How does database normalization contribute to data integrity?

  • Adding redundancy to ensure data availability
  • Improving query performance
  • Increasing the size of the database
  • Reducing redundancy and dependency among data
Database normalization contributes to data integrity by reducing redundancy and dependency among data. By organizing data into tables and eliminating data duplication, normalization minimizes the chances of inconsistencies and update anomalies. It ensures that data is stored logically and efficiently, promoting accuracy and reliability.

Scenario: A retail company wants to analyze sales data, including sales volume, revenue, and product categories. Which schema would you recommend for their data warehouse: Star Schema or Snowflake Schema, and why?

  • Snowflake Schema, because it allows for easier data maintenance and scalability.
  • Snowflake Schema, because it supports more complex relationships and enables better data normalization.
  • Star Schema, because it facilitates efficient query performance and is easier to implement.
  • Star Schema, because it simplifies queries and is more suitable for denormalized data structures.
For a retail company analyzing sales data, a Star Schema would be more appropriate. Star Schema denormalizes data, simplifying queries and enhancing performance, crucial for analytical tasks common in sales analysis. Its structure with a central fact table surrounded by dimension tables suits the needs of reporting and analysis in retail sales, where querying across different dimensions like time, product, and geography is essential.

What is a key-value store in NoSQL database systems?

  • A data store limited to string values only
  • A database system that exclusively uses foreign keys
  • A database system that stores data in a flexible, schema-less way using key-value pairs
  • A system that uses only numeric keys for data retrieval
In a NoSQL key-value store, data is stored as key-value pairs, where the key is a unique identifier and the value is the associated data. This model allows for efficient and fast retrieval of data, making it suitable for various applications like caching and session storage.

How does query optimization contribute to database performance tuning?

  • By improving the security of the database
  • By increasing the complexity of SQL queries
  • By increasing the storage space of the database
  • By reducing the execution time of SQL queries
Query optimization involves improving the efficiency of SQL queries, which in turn reduces the execution time. This is achieved through various techniques such as index optimization, query rewriting, and statistics collection, all aimed at enhancing the performance of database operations.

What is the difference between aggregation and summarization in data modeling?

  • Aggregation and summarization are interchangeable terms with no distinct difference.
  • Aggregation combines detailed data into a higher-level view, while summarization involves creating a concise summary of data.
  • Aggregation is used for numeric calculations, while summarization is for textual data.
  • Aggregation only works with relational databases, while summarization is more versatile.
In data modeling, aggregation involves the grouping of detailed data into a higher-level view, often using functions like COUNT, AVG, etc. Summarization, on the other hand, is the process of creating a concise summary of data, providing a more comprehensive overview. Understanding this difference is crucial for effective data modeling and reporting.

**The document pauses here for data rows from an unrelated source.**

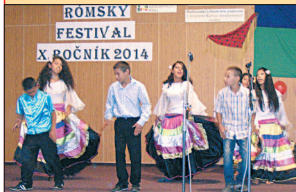
Vystúpenie Strážčanského úsmevu začínala mladšia skupina a tancom prezentovali svoj temperament.
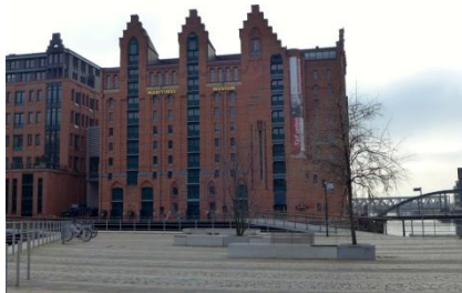
Abb. 2: Außenansicht
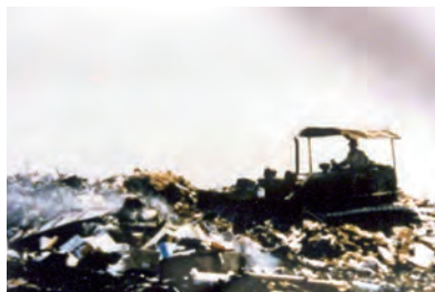
上/現在の花博記念公園鶴見緑地。訪れた人々が思い思いの時間をすごしている。 左/1990年に開催された国際花と緑の博覧会の空撮写真。 右/かつてはレンコンやクワイが育つ湿地だった鶴見緑地。(右上)1960年代以降、家庭ごみや地下鉄工事のさいの残土で埋め立てられた。(右下)

白幡 ●明治政府の掲げた公園づくりの目標は、利用者の用途を考え、喜びの場を提供することよりも、洋風を売りに人を引きつけて、とにかく入場数を増やすこと。利用者の要望を聞く余裕も姿勢も弱かった。これではあかんやろ、従来の公園の概念から脱皮しよう、そういう意図で、「公園なんてもういらぬ」という原稿を書いたことがあるんですよ。その結果かどうか、ひと

In an ERD, what does a cardinality of "One-to-One" signify?

  • Each entity in the first table can be related to at most one entity in the second table
  • Each entity in the first table can be related to multiple entities in the second table
  • Each entity in the first table can be related to only one entity in the second table
  • Each entity in the first table can be related to only one entity in the second table, and vice versa
A cardinality of "One-to-One" in an ERD signifies that each entity in the first table can be related to only one entity in the second table, and vice versa. This type of relationship is less common but is useful in certain scenarios where a strict one-to-one association is needed.

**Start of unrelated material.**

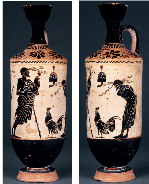
6 et 7. Préparatifs d'un combat de coqs, lécythe, Athènes, fin du VI e siècle av. J.-C. Musée du Louvre, F368.

Cette période de la fin de l'Archaïsme voit se multiplier l'image du coq seul, dans des contextes militaire, religieux, érotique ou funéraire. Un coq apparaît sur la face est du monument funéraire des Harpyies à Xanthos en Lycie, vers 500-480 av. J.-C., où il est apporté en offrande soit à un défunt, soit à une divinité (fig. 8) 51 . C'est un des éléments qui tissent un lien entre le

_______ compression algorithms utilize statistical methods to represent data more efficiently.

  • Adaptive
  • Entropy
  • Lossy
  • Predictive
Entropy compression algorithms utilize statistical methods to represent data more efficiently. These algorithms analyze the frequency of symbols in the data and assign shorter codes to more frequent symbols, resulting in overall compression.

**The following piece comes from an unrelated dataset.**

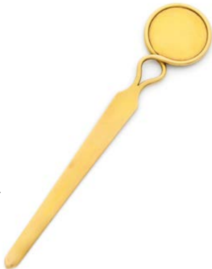
97. Marque-pages en or jaune 18 k (750‰) satiné Dimensions : 13,2×2,7 cm Poids : 16,2 g 500 / 800 €

Graph databases provide native support for _______ operations, allowing efficient querying of connected data.

  • Aggregation
  • Indexing
  • Sorting
  • Traversal
Graph databases provide native support for traversal operations, allowing efficient querying of connected data. Traversal involves navigating through nodes and relationships in a graph to discover patterns or retrieve specific information, which is a key feature in graph databases.

A degenerate dimension in a fact table does not have a corresponding _______ table.

  • Dimension
  • Lookup
  • Master
  • Reference
A degenerate dimension in a fact table does not have a corresponding dimension table. Instead, the dimension attributes are stored directly in the fact table. This is suitable when the dimension has no significant details other than its key and is not reused across multiple facts.

The integration of ER diagram tools with _______ enhances data modeling efficiency.

  • Cloud Services
  • Code Editors
  • Database Management Systems
  • Project Management Tools
Integrating ER diagram tools with Database Management Systems (DBMS) enhances data modeling efficiency. This integration allows for a direct connection between the ERD and the underlying database, facilitating synchronization and real-time updates between the data model and the actual database structure.